§ EXTRACTED DATA:

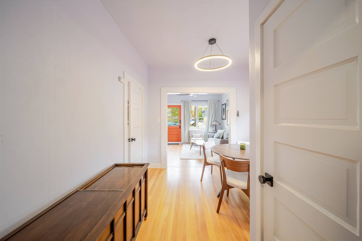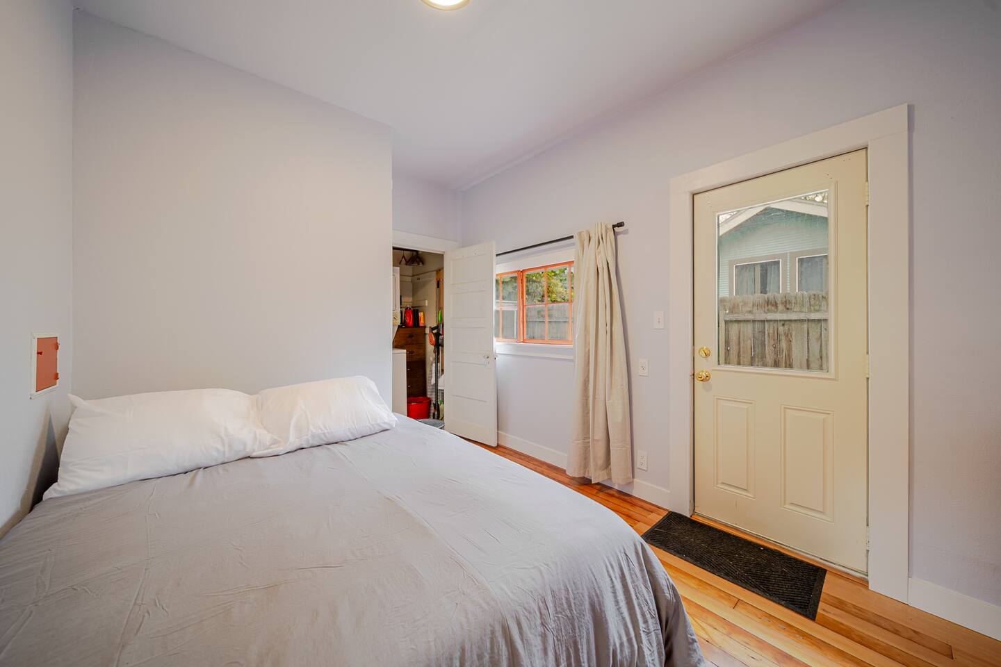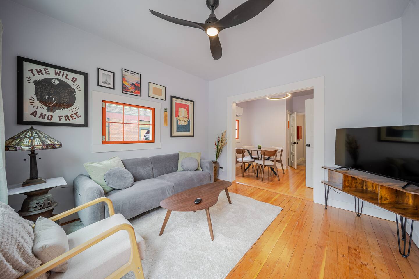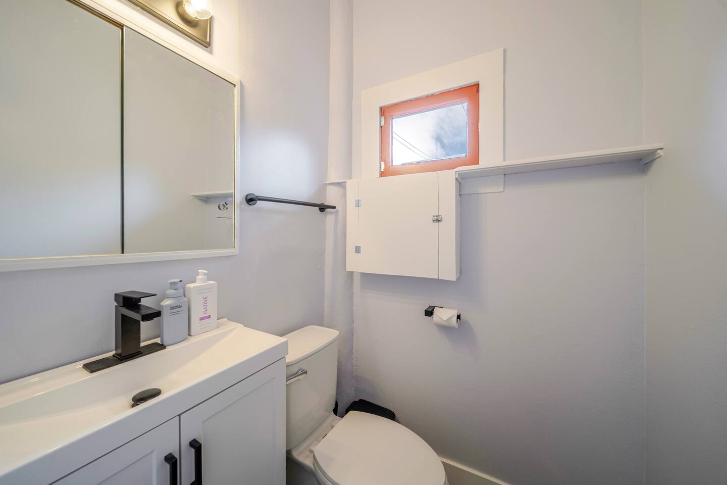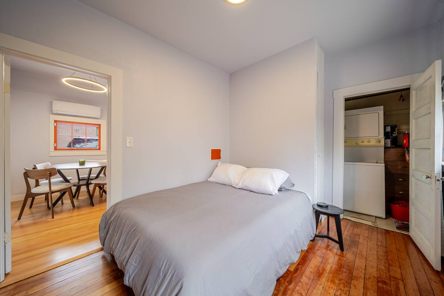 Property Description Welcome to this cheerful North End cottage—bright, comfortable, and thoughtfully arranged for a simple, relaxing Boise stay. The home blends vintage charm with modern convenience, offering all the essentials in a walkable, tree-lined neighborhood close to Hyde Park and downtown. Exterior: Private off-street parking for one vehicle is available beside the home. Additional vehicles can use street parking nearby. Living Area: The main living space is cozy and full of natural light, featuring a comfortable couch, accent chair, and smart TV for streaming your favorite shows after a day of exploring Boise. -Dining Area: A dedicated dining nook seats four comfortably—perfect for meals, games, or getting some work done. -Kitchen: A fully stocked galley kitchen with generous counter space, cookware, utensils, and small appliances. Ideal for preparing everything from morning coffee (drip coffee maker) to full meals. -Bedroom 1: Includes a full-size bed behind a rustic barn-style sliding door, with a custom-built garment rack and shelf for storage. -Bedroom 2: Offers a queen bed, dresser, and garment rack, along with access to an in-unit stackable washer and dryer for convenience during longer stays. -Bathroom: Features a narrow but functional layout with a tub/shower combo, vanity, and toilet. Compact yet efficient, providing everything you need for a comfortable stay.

---

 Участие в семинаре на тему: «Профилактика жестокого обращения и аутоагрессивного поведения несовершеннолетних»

* * *

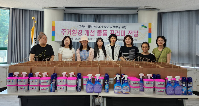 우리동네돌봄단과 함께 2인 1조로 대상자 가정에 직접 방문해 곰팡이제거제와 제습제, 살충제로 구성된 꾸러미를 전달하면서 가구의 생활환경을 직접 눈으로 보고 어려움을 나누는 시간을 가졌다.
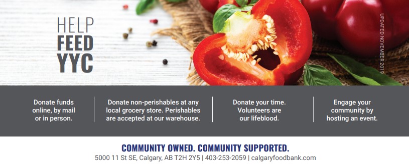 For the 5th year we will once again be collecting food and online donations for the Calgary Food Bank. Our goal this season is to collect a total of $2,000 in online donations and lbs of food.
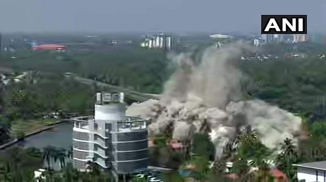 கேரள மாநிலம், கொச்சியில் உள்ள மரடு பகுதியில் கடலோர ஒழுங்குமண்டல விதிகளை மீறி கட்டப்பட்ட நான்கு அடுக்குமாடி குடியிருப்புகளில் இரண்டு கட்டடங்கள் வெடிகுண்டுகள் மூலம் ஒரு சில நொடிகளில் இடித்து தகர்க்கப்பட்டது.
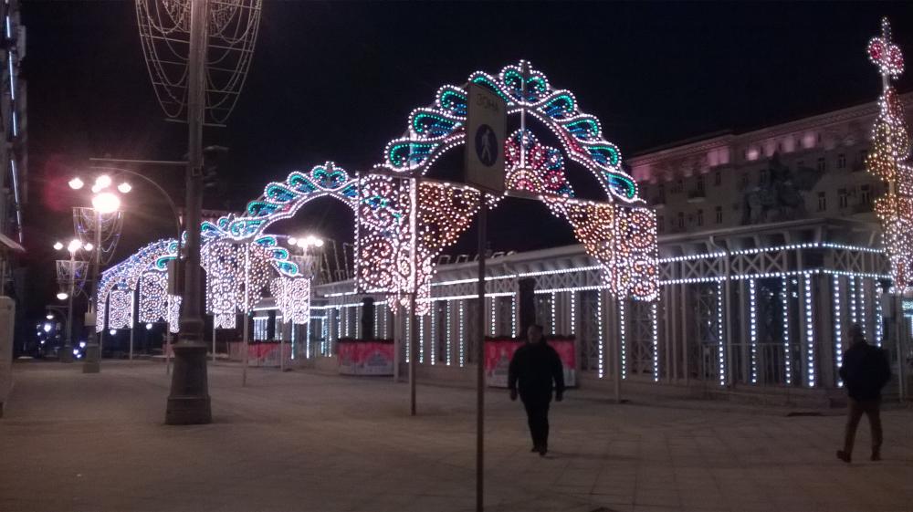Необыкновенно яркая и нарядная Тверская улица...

§ ACTION ITEM: Of the lines above, quote exactly those from the one with "우리동네돌봄단과 함께 2인" through the one with "Необыкновенно яркая и", ends included; pictures stay out.

§ SOLUTION BELOW:
 우리동네돌봄단과 함께 2인 1조로 대상자 가정에 직접 방문해 곰팡이제거제와 제습제, 살충제로 구성된 꾸러미를 전달하면서 가구의 생활환경을 직접 눈으로 보고 어려움을 나누는 시간을 가졌다.
 For the 5th year we will once again be collecting food and online donations for the Calgary Food Bank. Our goal this season is to collect a total of $2,000 in online donations and lbs of food.
 கேரள மாநிலம், கொச்சியில் உள்ள மரடு பகுதியில் கடலோர ஒழுங்குமண்டல விதிகளை மீறி கட்டப்பட்ட நான்கு அடுக்குமாடி குடியிருப்புகளில் இரண்டு கட்டடங்கள் வெடிகுண்டுகள் மூலம் ஒரு சில நொடிகளில் இடித்து தகர்க்கப்பட்டது.
Необыкновенно яркая и нарядная Тверская улица...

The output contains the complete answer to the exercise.